Early life and education
Born in Swansea, Wales, the son of a Greek father, Michael George Zambellas and Rosemary Frederique Zambellas (née Lindsay), Zambellas was educated at Shabani Primary School in Southern Rhodesia (now Zimbabwe), and at Stowe School. He studied aeronautical and astronautical engineering at the University of Southampton and graduated in 1980 with a Bachelor of Science (BSc hons) degree.

Career

Zambellas was commissioned as an acting sub-lieutenant in the Royal Navy on 17 September 1980. He was promoted to lieutenant on 16 May 1982 and served with 814 Naval Air Squadron, 829 Naval Air Squadron and 815 Naval Air Squadron in his early career.

Zambellas was trained for the naval staff at Greenwich in 1990, and after spending a short time as a corporate planner for the Royal Navy's manpower and training division within the Ministry of Defence, he took command of the mine-sweeper  in 1991. His next appointment was ashore, as an aviation operations officer in the Fleet Headquarters at Northwood, before being promoted to commander on 30 June 1994. In 1995 he was given command of the frigate  and was deployed on counter-narcotics operations in the Caribbean.
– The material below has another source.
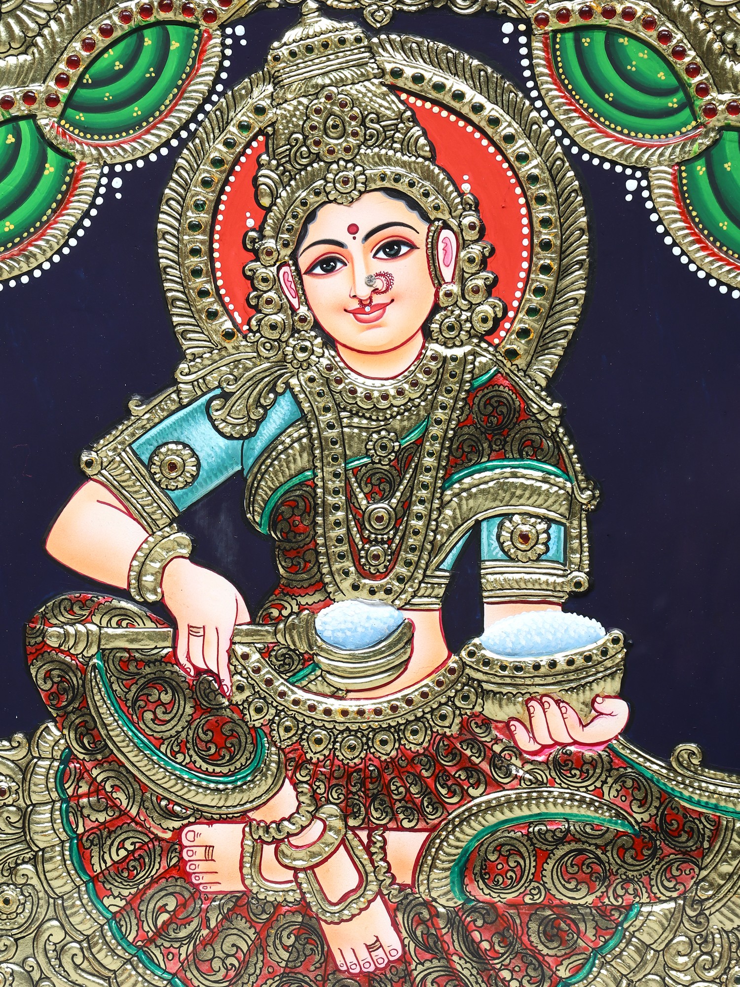 Goddess Annapurna Tanjore Painting | Traditional Colors With 24K Gold | Teakwood Frame | Gold & Wood | Handmade

Zambellas served as a corporate planner during the 1997–98 Strategic Defence Review before returning to operational command in 1999 as captain of the frigate  and being deployed as part of Operation Palliser off Sierra Leone for which he received the Distinguished Service Cross in 2001. In 2001 he took the Higher Command and Staff Course at Shrivenham before becoming Deputy Flag Officer Sea Training, responsible for training Royal Navy and foreign warships and auxiliaries.

Promoted to commodore in 2002, Zambellas was appointed to be principal staff officer to the Chief of the Defence staff and served Admiral Boyce and General Walker during the invasion of Iraq and the early days of its fallout. He was given command of the Royal Navy's Amphibious Task Group in January 2005.

Promoted to rear admiral on 29 August 2006 and appointed Chief of staff (Transformation), Zambellas was in this role entrusted with "designing and delivering the Fleet's new approach to the generation of maritime capability and support to operations." In 2007, he became Commander United Kingdom Maritime Force, and in October 2008, he became Chief of staff (Operations) at the UK's Permanent Joint Headquarters at Northwood.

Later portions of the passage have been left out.